Sites such as yahoo show historical data for stocks. They show stocks for all different stock markets. When they show information for a day for example the hong kong stock market, are those dates shown at local Hong Kong time? SO for example if I see two stocks on Jan 10th, one is a stock trading on the Hong Kong stock market, and the other is trading on the NYSE, is the Jan 10th of the Hong Kong stock actually a few hours ago before (If I was in living in NY) or is it based on a universal timezone like greentime?
1 Answer
Using your example link, I found the corresponding chart for a stock that trades on London Stock Exchange:
https://ca.finance.yahoo.com/echarts?s=RIO.L#symbol=RIO.L;range=1d
As you can see there, the chart runs from ~8:00am to ~4:30pm, and as I write this post it is only 2:14pm Eastern Time. So clearly this foreign chart is using a foreign time zone. And as you can see from this Wikipedia page, those hours are exactly the London Stock Exchange's hours.

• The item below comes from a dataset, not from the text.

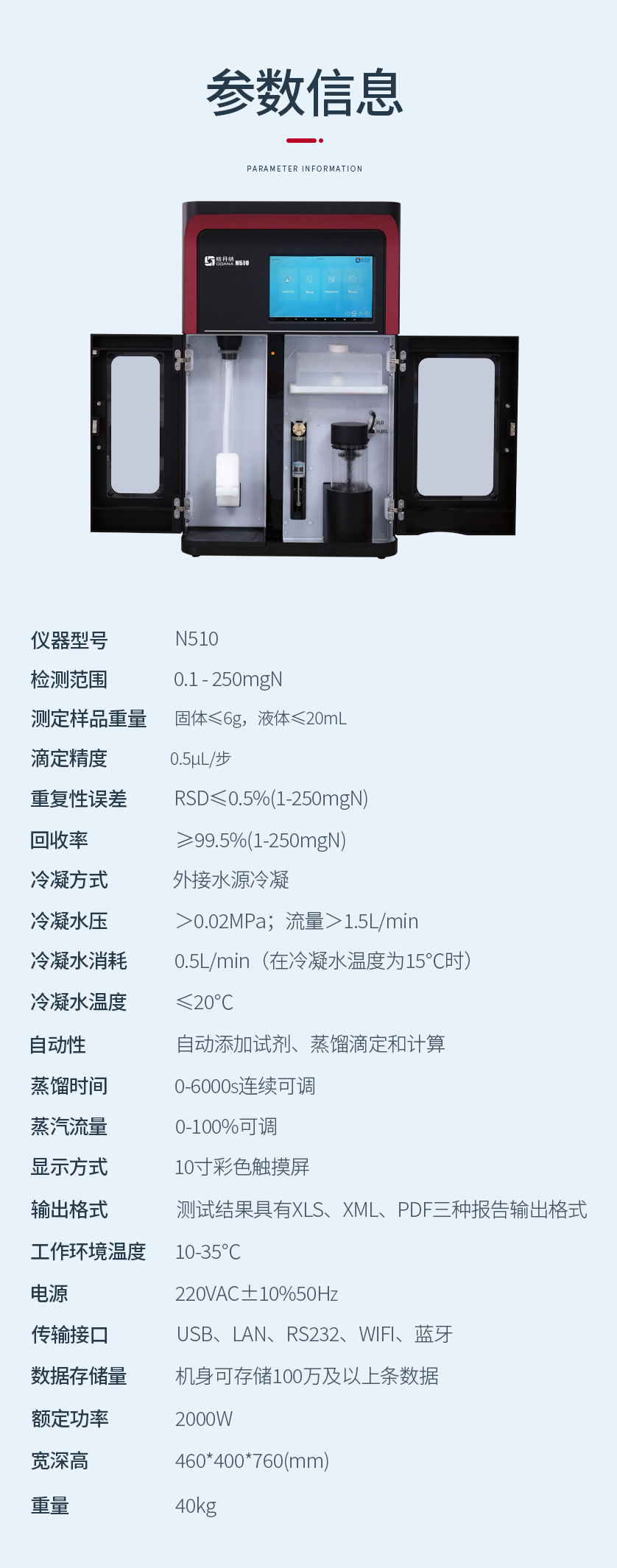 全自動加堿加酸加稀釋劑、全自動蒸餾滴定、全自動清洗、全自動消化管排空、全自動溶液液位監(jiān)測、全自動超溫監(jiān)測、全自動排廢、全自動計算結(jié)果、輸出、打印。

Additionally, the closing price listed above the graph has a timestamp of "11:35AM EST", meaning that the rightmost timestamp in the graph (~4:30pm) is equal to 11:35AM EST. 16:30 - 11:30 = 5 hours = difference between London and New York at this time of year.
So those are two data points showing that Yahoo uses the exchange's native time zone when displaying these charts.